# Exercise instructions
Omitting the pictures, print every line below exactly as it stands.

━━━━━ Recorded data

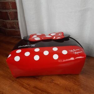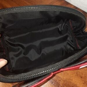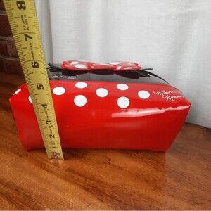 Adorable Minnie Mouse cosmetic case by Disney from "The Cream Shop collection". This case features a playful black and red polka dot design with the Iconic Minnie Mouse ears. This bag features black patent leather and a red and white polka-dot design. It is a zip around style with a silky nylon fabric lining that is spotless.
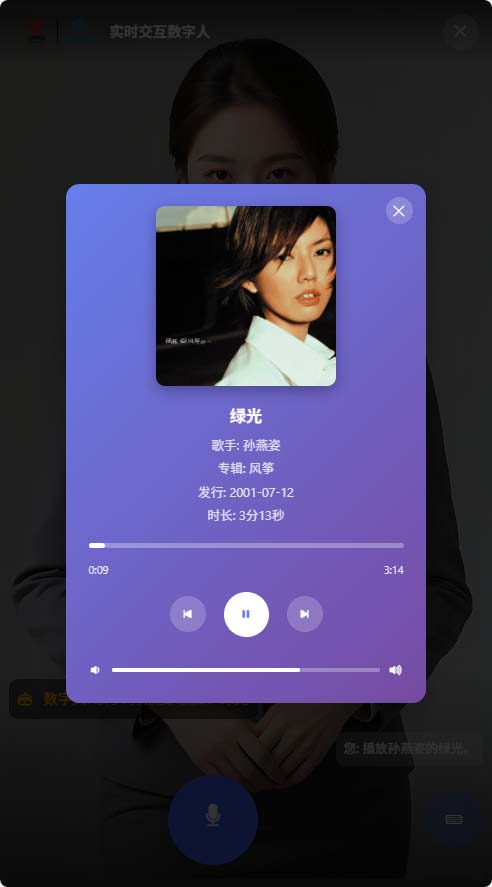 实时语音数字人支持歌曲点播功能
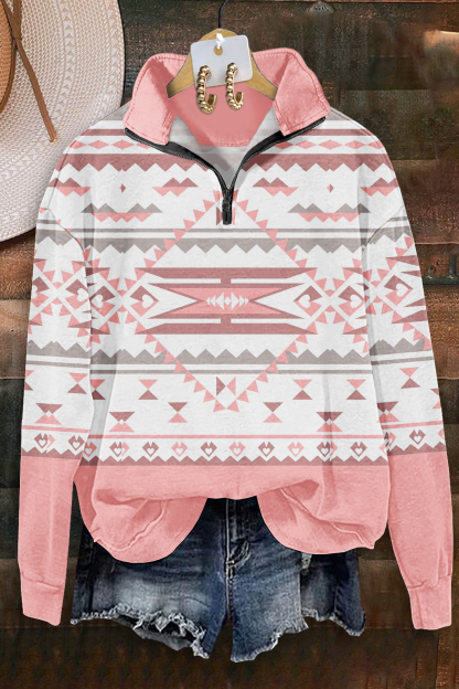 Stay on trend this season in our new casual, mandarin collar top. We especially love the tribal print fabric and think this piece will be a new favorite in your closet!

━━━━━━━━━━

# Written response
 Adorable Minnie Mouse cosmetic case by Disney from "The Cream Shop collection". This case features a playful black and red polka dot design with the Iconic Minnie Mouse ears. This bag features black patent leather and a red and white polka-dot design. It is a zip around style with a silky nylon fabric lining that is spotless.
 实时语音数字人支持歌曲点播功能
 Stay on trend this season in our new casual, mandarin collar top. We especially love the tribal print fabric and think this piece will be a new favorite in your closet!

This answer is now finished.